MD simulations were performed using the GROMACS 2020.3 software. The amber 99sb-ildn force field was used to generate protein topology files, while the general amber force field (GAFF) was used to generate ligand topology files. The protein-ligand complexes were placed in a cubic tank of water and solvated. To neutralize the system charge, appropriate amounts of Cl- and Na + were added to balance the system charge. The steepest descent method was used for 5.0 × 104 steps to achieve energy minimization with a 1.4 nm cutoff for coulombic and van der Waals interactions. A first-phase equilibrium was then performed with the NVT system integration at 300 K for 100 ps to stabilize the temperature of the system. The second-phase equilibrium was simulated with the NPT integration at 1 bar and 100 ps. All MD simulations were performed under isothermal and isostatic conditions at 300 K and 1 atmosphere with a simulation time of 100 nanoseconds (ns). Finally, general MD simulation parameters such as RMSD, Rg, and RMSF were evaluated for each complex. These parameters provide important information about the stability, conformational changes, and flexibility of the complexes during the simulations.

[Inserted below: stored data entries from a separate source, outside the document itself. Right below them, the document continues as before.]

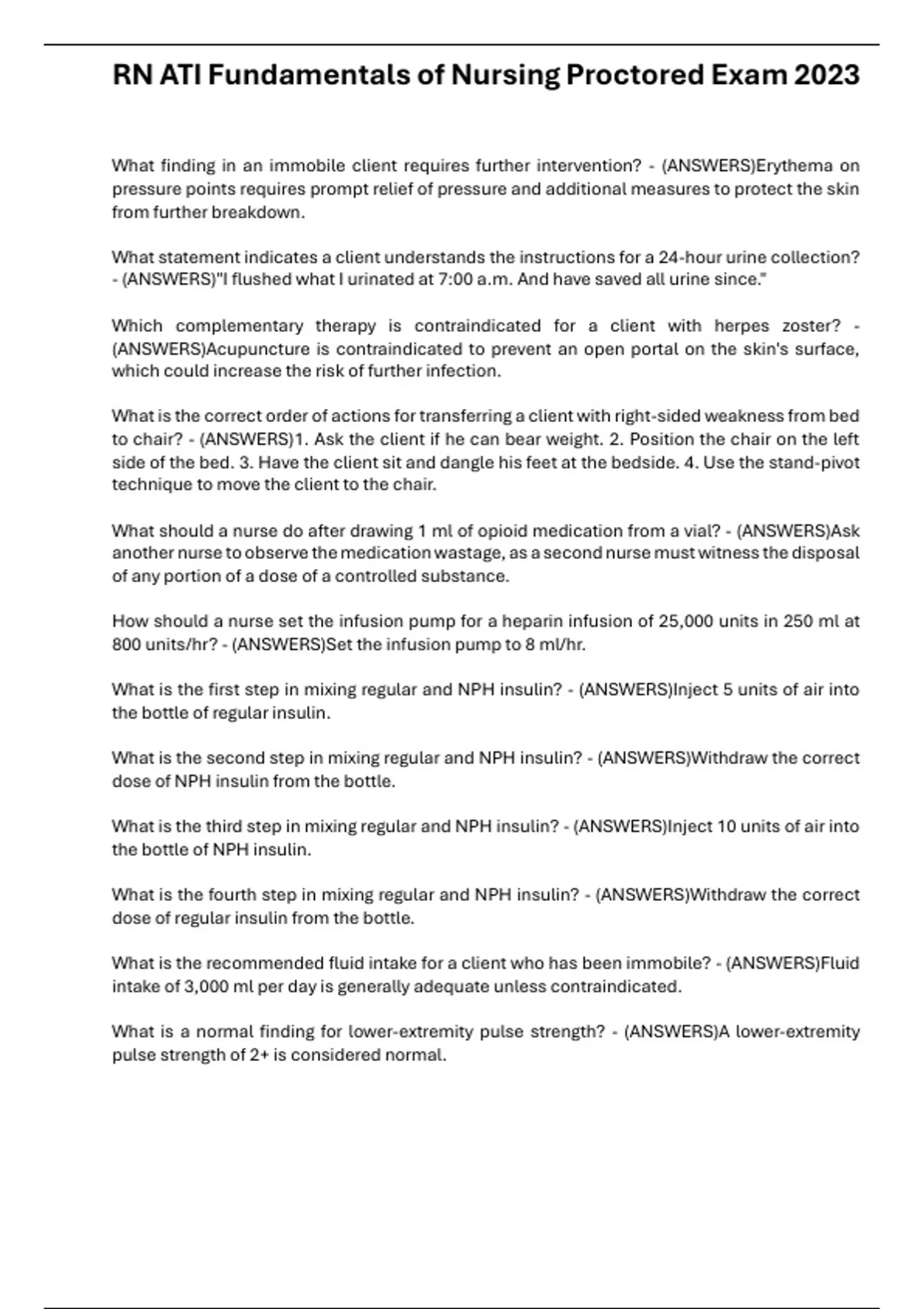 , RN ATI Fundamentals of Nursing Proctored Exam 2023
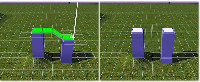 This technique also works if you wanted to make walls higher than the standard 12 clicks. In the next two images you can see how I've raised the height of the one tile room, this time again by 3 clicks thereby adding 1/4 of additional height. I did this by placing a one tile room on terrain raised by 3 clicks and leveling from it to the other making the one tile room on the right 15 clicks high in total. Literally the sky is the limit for raising wall height, but there is a limit to how much you can lower the height of a wall and that limit is 3 clicks. You could go lower in the Sims 2, but in Sims 3 it is no longer possible to the best of my knowledge.
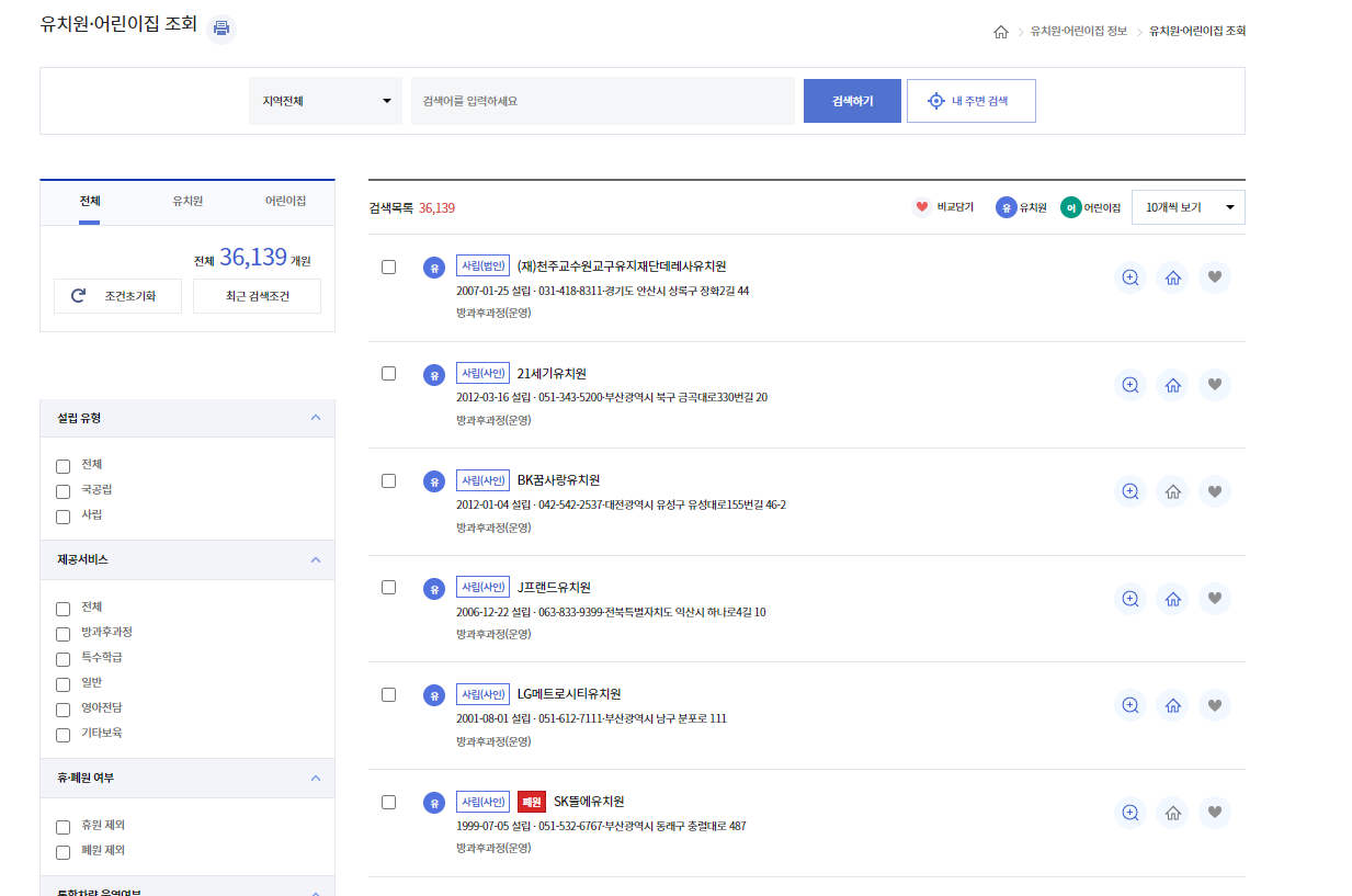 유치원 알리미는 전국의 유치원에 대한 평가 자료를 포함해 학부모들이 유치원의 교육 과정, 운영 방식, 그리고 시설 등을 한눈에 확인할 수 있는 서비스입니다.
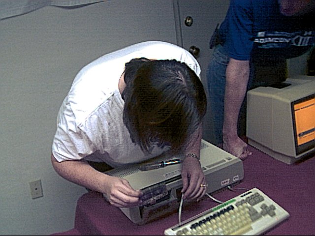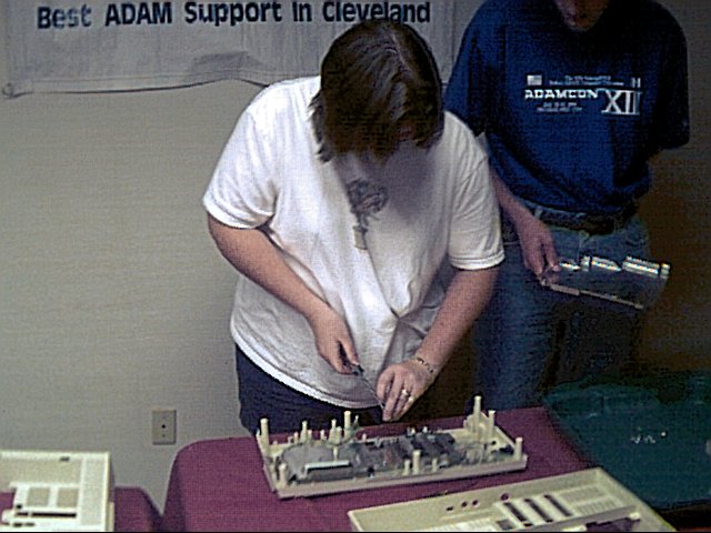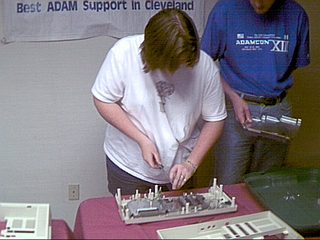 Sunday represented a new challenge to Adam owners. Rich D setup two Adams and booted them by tape to the SmartBASIC ']' prompt. Then he gave each of two teams a Philips and a slot screwdriver. The challenge was to completely dissassemble and then reassemble the console, and boot to SmartBASIC. The teams consisted of one Slopsema husband as the team "expert" and one Slopsema wife as the chief tech. The teams were Doug and Meeka on one side and Bob and Judy on the other side.

Binding free energy calculations

Binding free energy calculations can verify the strength of intermolecular interactions in receptor-ligand complexes96. We performed binding-free energy calculations using the MM-PBSA method. The gmx_MMPBSA module was used to analyze the energy contribution parameters, and the specific equations used in this study are as follows:

$${\text{Gx}} = {\text{EMM}} + {\text{Gsolvation}}$$
$${\text{EMM}} = {\text{Ebonded}} + {\text{Enonbonded}} = {\text{Ebonded}} + ({\text{Evdw}} + {\text{Eelec}})$$
$${\text{Gsolvation}} = {\text{GPB}} + {\text{GSA}}$$

Conclusions

The objective of this study was to investigate the molecular mechanism of SM for ANFH by integrating network pharmacology, molecular docking, and MD simulation. Our findings indicate that SM-containing bioactive compounds, including dan-shexinkum d, cryptotanshinone, tanshinone Iia, and dihydrotanshinlactone, may be effective in treating ANFH by modulating the inflammatory response, apoptosis, OS, bone remodeling, and promoting vasoprotection. The major involved mechanisms include AGE-RAGE, IL-17, and TNF signaling pathways. Moreover, SM primarily tar-gets TP53, AKT1, EGFR, STAT3, BCL2, IL6, and TNF, which in turn modulate the aforementioned pathways and biological processes. These findings comprehensively elucidate the multi-component, multi-target, multi-pathway intervention mechanism of SM for the treatment of ANFH. They are expected to provide rationale and new in-sights for the further identification and characterization of potential drug candidates. Nevertheless, due to the intrinsic constraints of this study, it is imperative to substantiate and expand our findings through additional in vivo and in vitro investigations.